■ What this task involves: The expected result is an exact restatement of the data, free of pictures.
──────── Supplied material
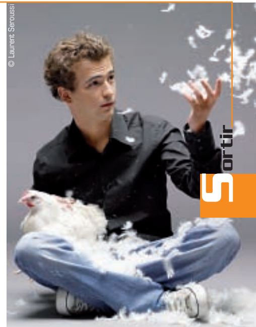
Renan Luce, deux trophées aux dernières Victoires de la musique, fait escale à Amiens vendredi 4 avril.

i Renan Luce Auditorium de Mégacité Vendredi 4 avril, 20h 0 892 704 204
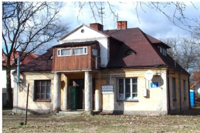
Zdjęcie nr 5. Willa, ul. Żymirskiego nr 45

Willa pochodzi z ok. 1915 r. Murowany, parterowy budynek nakryty wysokim dachem czterospadowym, rozczłonkowanym facjatami. W fasadzie dwukolumnowy portyk z balkonem zabudowanym drewnem.
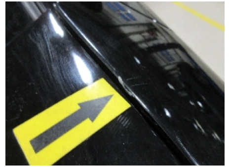
15. Lakk / karosseri utvendig
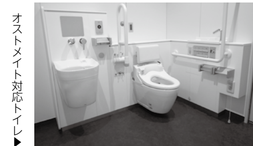
オストメイト対応トイレ
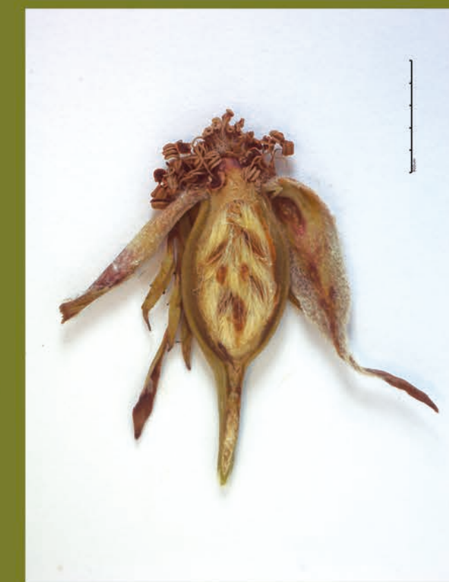
Cinèdron o polifruit del roser amb nombroses núcules a l'interior
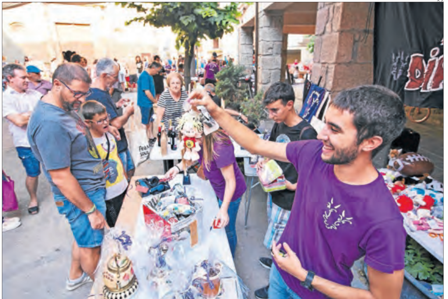
Participants al mercadillo d'objectes de segona mà celebrat ahir a la tarda a Sanauja.

El Mollerussa Second Hand Market tindrà lloc el 20 d'octubre amb uns 70 paradistes al pavelló firal. Els pagaments es faran amb molleusos, que es podran bescanviar per articles de comerços associats a Mollerussa Comercial. També el Mercat de les Puces de Montgai, que reuneix uns 15 paradistes, tornarà el 7 de setembre a Lo Carreró, obert a particulars i a artesans de tot tipus. També la Pobla preveu celebrar aquesta tardor el seu 13è mercat de segona mà, que se suma a la venda de material d'esquí utilitzat en el marc de Firaski. Incentivar el consum responsable i fomentar la reutilització i la recuperació del bon ús dels objectes són altres finalitats d'aquests mercadillos.
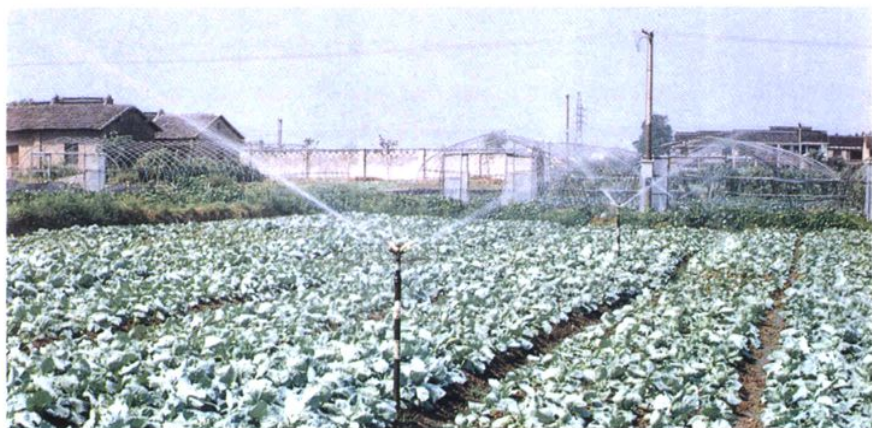
桃浦乡金光村十队大田喷灌
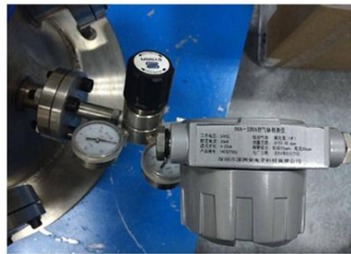
上海电力学院实验室安装实例
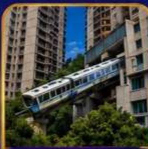
สถานีรถไฟฟ้าทะเลตุ๊ก
────────────────
■ Answer to the problem:
Renan Luce, deux trophées aux dernières Victoires de la musique, fait escale à Amiens vendredi 4 avril.

i Renan Luce Auditorium de Mégacité Vendredi 4 avril, 20h 0 892 704 204
Zdjęcie nr 5. Willa, ul. Żymirskiego nr 45

Willa pochodzi z ok. 1915 r. Murowany, parterowy budynek nakryty wysokim dachem czterospadowym, rozczłonkowanym facjatami. W fasadzie dwukolumnowy portyk z balkonem zabudowanym drewnem.
15. Lakk / karosseri utvendig
オストメイト対応トイレ
Cinèdron o polifruit del roser amb nombroses núcules a l'interior
Participants al mercadillo d'objectes de segona mà celebrat ahir a la tarda a Sanauja.

El Mollerussa Second Hand Market tindrà lloc el 20 d'octubre amb uns 70 paradistes al pavelló firal. Els pagaments es faran amb molleusos, que es podran bescanviar per articles de comerços associats a Mollerussa Comercial. També el Mercat de les Puces de Montgai, que reuneix uns 15 paradistes, tornarà el 7 de setembre a Lo Carreró, obert a particulars i a artesans de tot tipus. També la Pobla preveu celebrar aquesta tardor el seu 13è mercat de segona mà, que se suma a la venda de material d'esquí utilitzat en el marc de Firaski. Incentivar el consum responsable i fomentar la reutilització i la recuperació del bon ús dels objectes són altres finalitats d'aquests mercadillos.
桃浦乡金光村十队大田喷灌
上海电力学院实验室安装实例
สถานีรถไฟฟ้าทะเลตุ๊ก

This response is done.